With that in mind, here are some hefty long-term considerations as Google determines its next move in China:

  • Scuttling its own business fortunes in China, directly or indirectly, will prevent Google from benefiting from the eventual fallout from an inevitable showdown between the US and China. With Washington’s increasing anger over China’s currency manipulation and the Chinese regulators growing more aggressive, a damaging trade war could yield some positive considerations. Google has encouraged the US government to take a stronger stand against increasing Chinese surveillance and hacking of corporate websites.
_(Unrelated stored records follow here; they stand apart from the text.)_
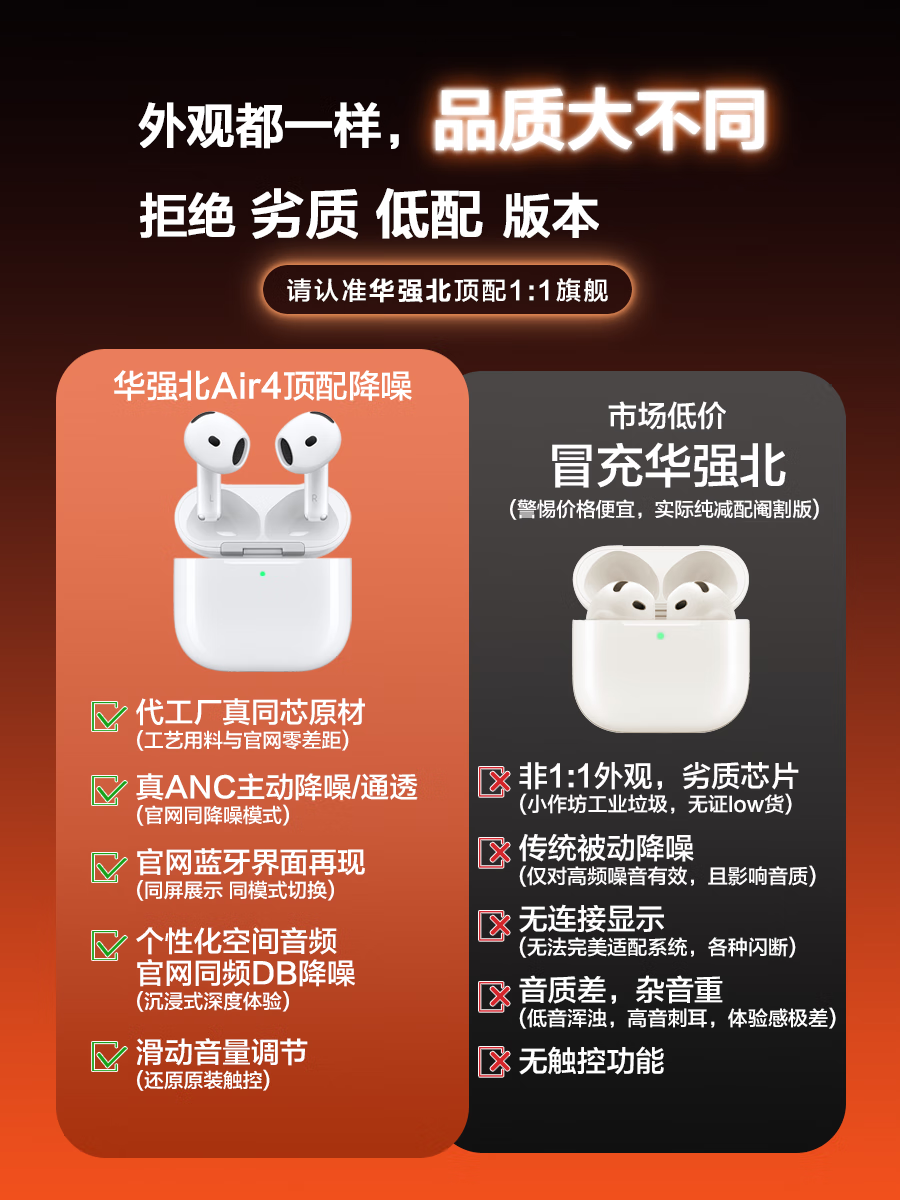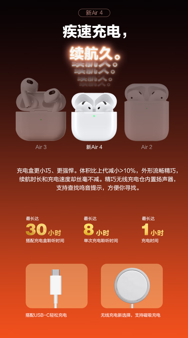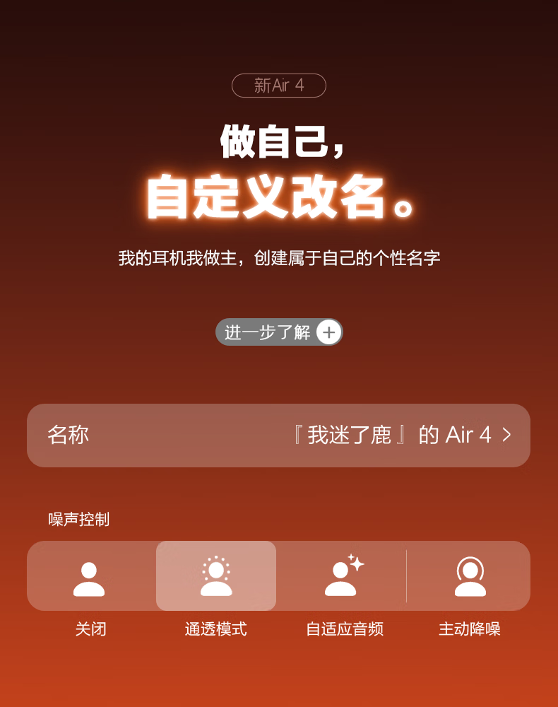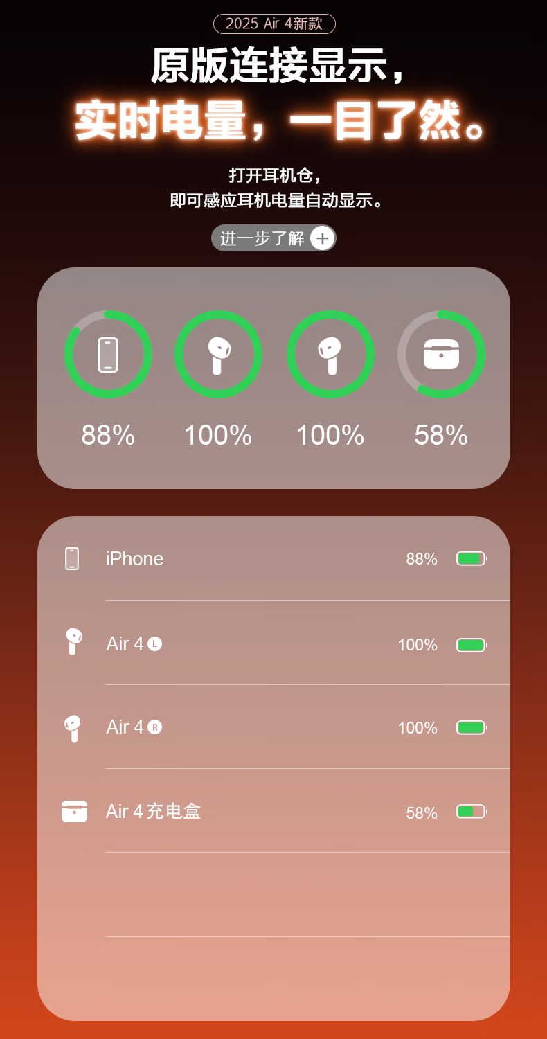 心趣【官新正品丨Air4代降噪款】无线蓝牙耳机适配苹果2025新款半入耳式金榜iphone17/16/15/14pods4 【原版同功能pods4降噪版】 【主动降噪+空间音頻+三真电量】
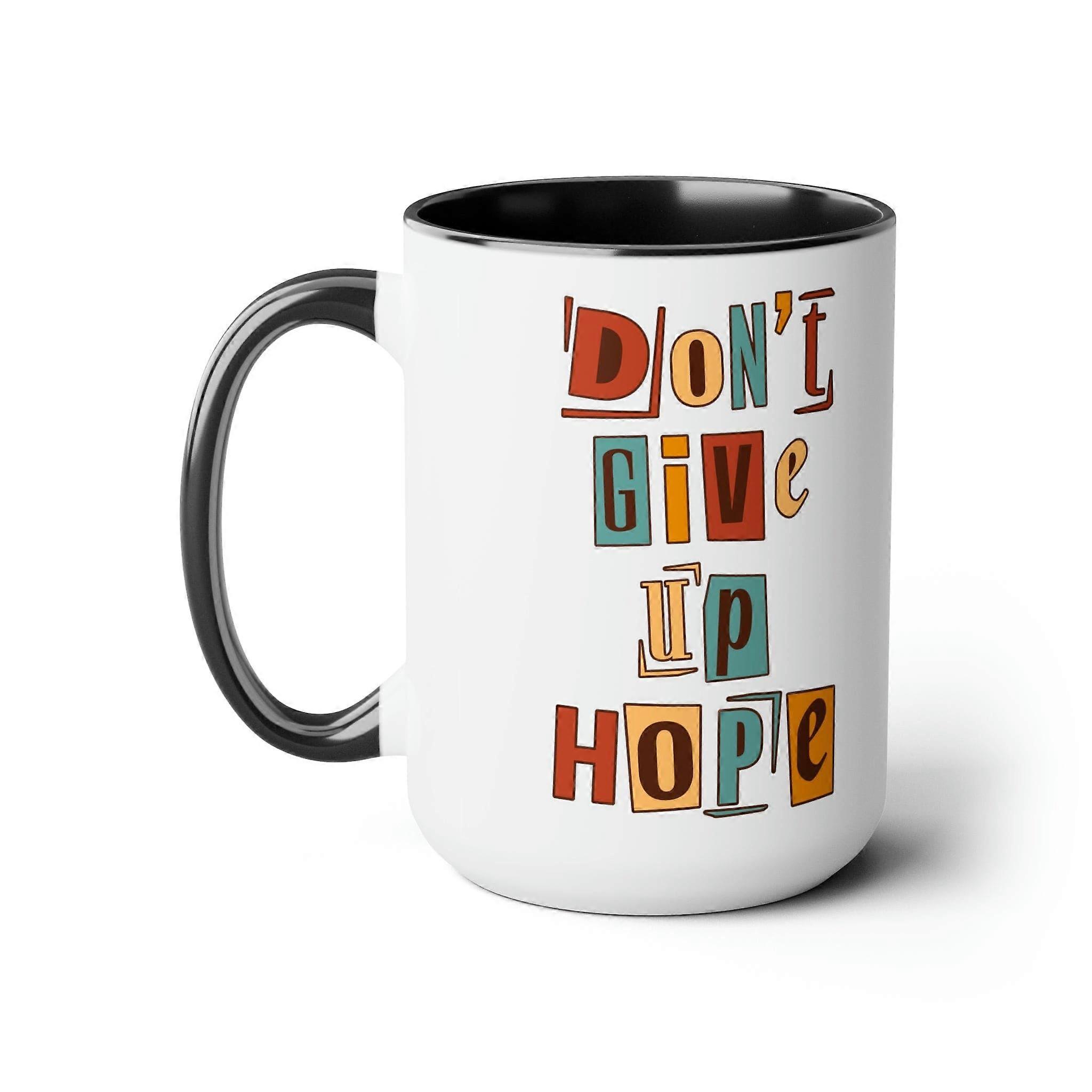 Details:Say It Soul - Don't Give Up Hope, Inspiration Ceramic Coffee Mug. Warm-up with a nice cuppa out of this two-tone accent ceramic coffee mug. This mug is perfect for your morning cup of coffee, tea, hot cocoa, or any other hot beverage. It's also great for cold beverages! The ceramic mug is microwave and dishwasher safe. It's BPA and Lead-free, and made of durable ceramic in 15-ounce size.Decorative mugs can be used for a variety of purposes. They make great gifts for friends and family, and they are also perfect for adding a personal touch to your own home. Whether you use them to hold your morning coffee or tea, or simply to display on your shelf as a decoration, decorative mugs are a great way to show your personality.White ceramic mug with colored interior and handle15 ozRounded cornersC-handleLead and BPA-freePerfect for personal use or as a gift mug
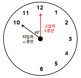Yd1 : 고압측 Y(와이)결선, 저압측 △(델타)결선 (고압측과 저압측의 위상차이 30˚ -고압이 30˚ 앞섬)
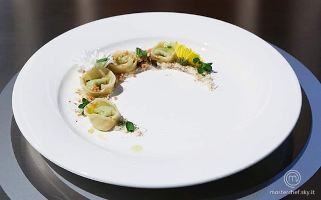 Stendere finemente la sfoglia, tagliare dei dischi con un coppapasta, farcirli con il ripieno freddo usando una sac a poche. Richiudere a mezzaluna e formare i classici cappelletti sigillando gli angoli opposti.
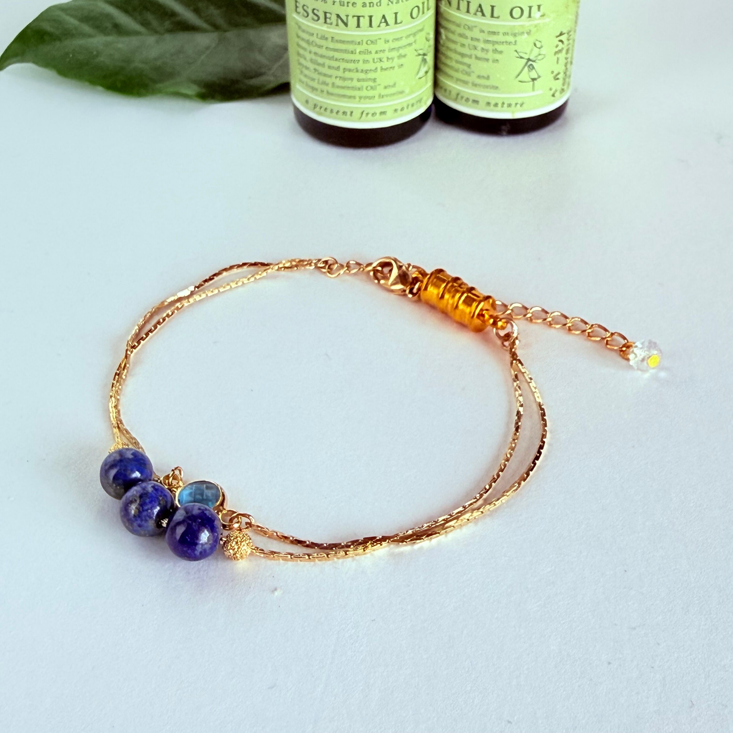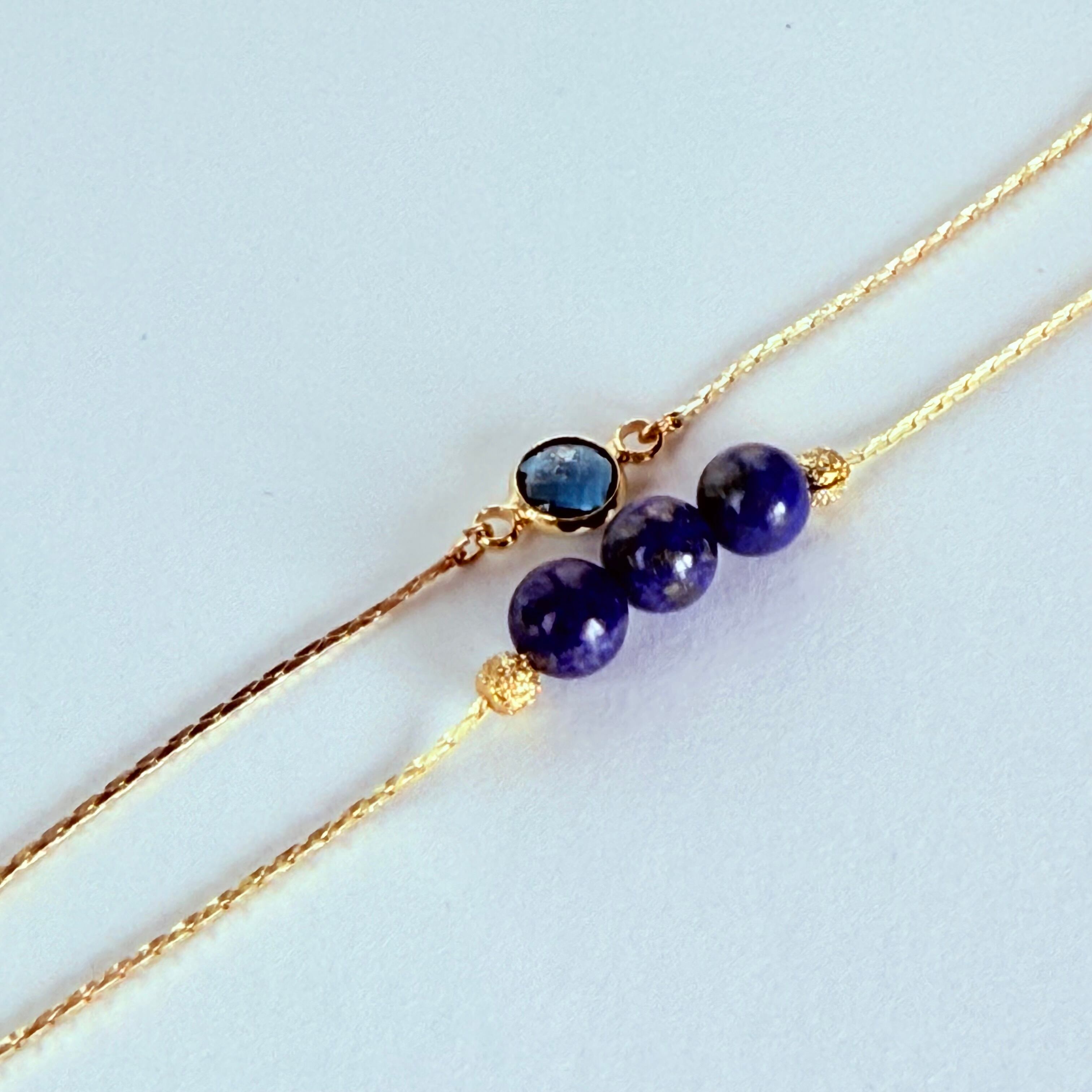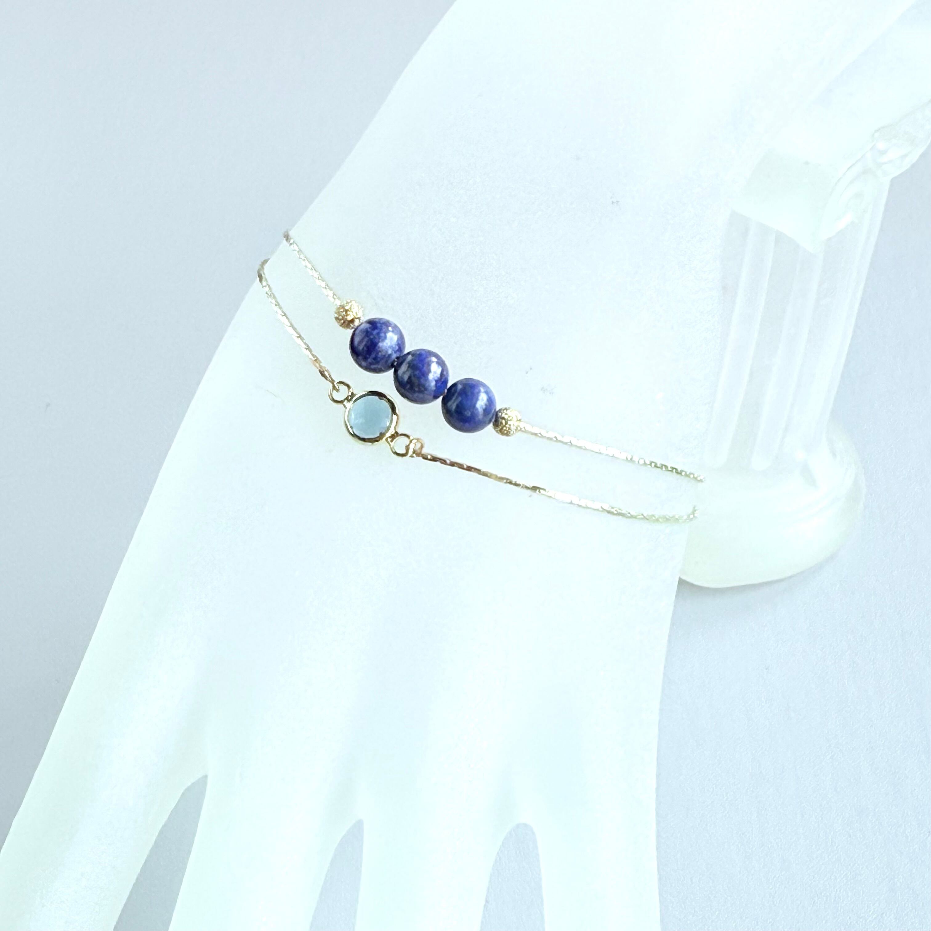 繊細なゴールドチェーンと深みのあるラピスラズリが織りなす上品な2連ブレスレットです。
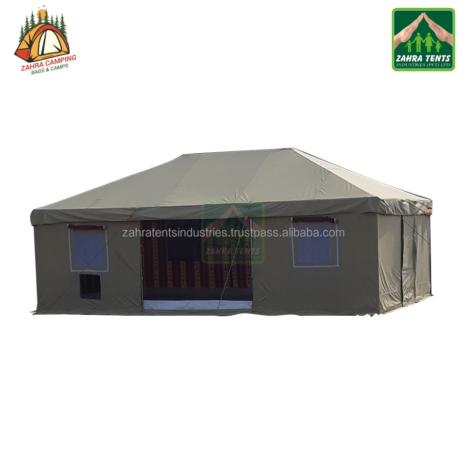 15 Person Large Canvas Waterproof Khaki Outdoor Camping Frame Tent Water Resistant Disaster Relief Tent

  • China’s explosive growth in mobile Internet trumps every global opportunity. Google clearly does not want to turns its back on nearly 400 million Internet users in China, up 50 percent from 2008, more than one-third of the world and already more than entire U.S. population. About two-thirds of Chinese Internet access occurs on hand-held devices. Mobile subscribers are expected to nearly double to nearly $1.2 billion users by 2013, boosting penetration levels to 86 percent.
  • What McKinsey & Company refers to as the Chinese “obsession” with the Internet will generate close to $4 billion in online advertising revenue in 2010, growing at 36 percent and doubling to $8 billion by 2013, according to eMarketer.
  • Asian-Pacific e-commerce is growing at 23 percent annually to nearly $170 billion in 2011, a big chunk of which will be from China, according to e-Marketer. China’s estimated $43 billion in online retail and e-commerce revenues in 2010 will more than triple to $141 billion by 2013, according to iResearch. Retail sales were more than $1.6 trillion at the start of 2009.
  • China’s Internet users living in the 60 largest cities spend 70 percent of their leisure time on the Web. More than 70 percent of Internet users age 16 to 54 have created a social network profile.
  • As the dominant content aggregater, Google inability to participate in China’s Internet growth will be the loss of many US-based publishers and video producers, which want a piece of the action. Google CEO Eric Schmidt concedes that in five years, Chinese language content will exceed English language content on the Web. Google’s search engine, Android operating system and other endeavors will help to keep English language content in the game.
  • Other US multinationals such as IBM (IBM), Dell (DELL), and Coca-Cola (KO) succeed by embracing a more “one-world” approach by investing in and integrating their China footprint with the remainder of their global operations, according to Booz & Company’s strategy + business. Why bother? More than half of US-based company in China have report their operations there post higher margins than their worldwide averages.
  • As is evident with the meteoric rise of Baidu, the new China is adept at learning from western companies and matching them, with their authoritarian government’s blessing. “The next five to 10 years will see the emergence of a new generation of Chinese companies, bigger and leaner, and better able to compete, and prepared to operate on a global basis,” according to strategy + business author Edward Tse. That means Google’s China problems are just beginning.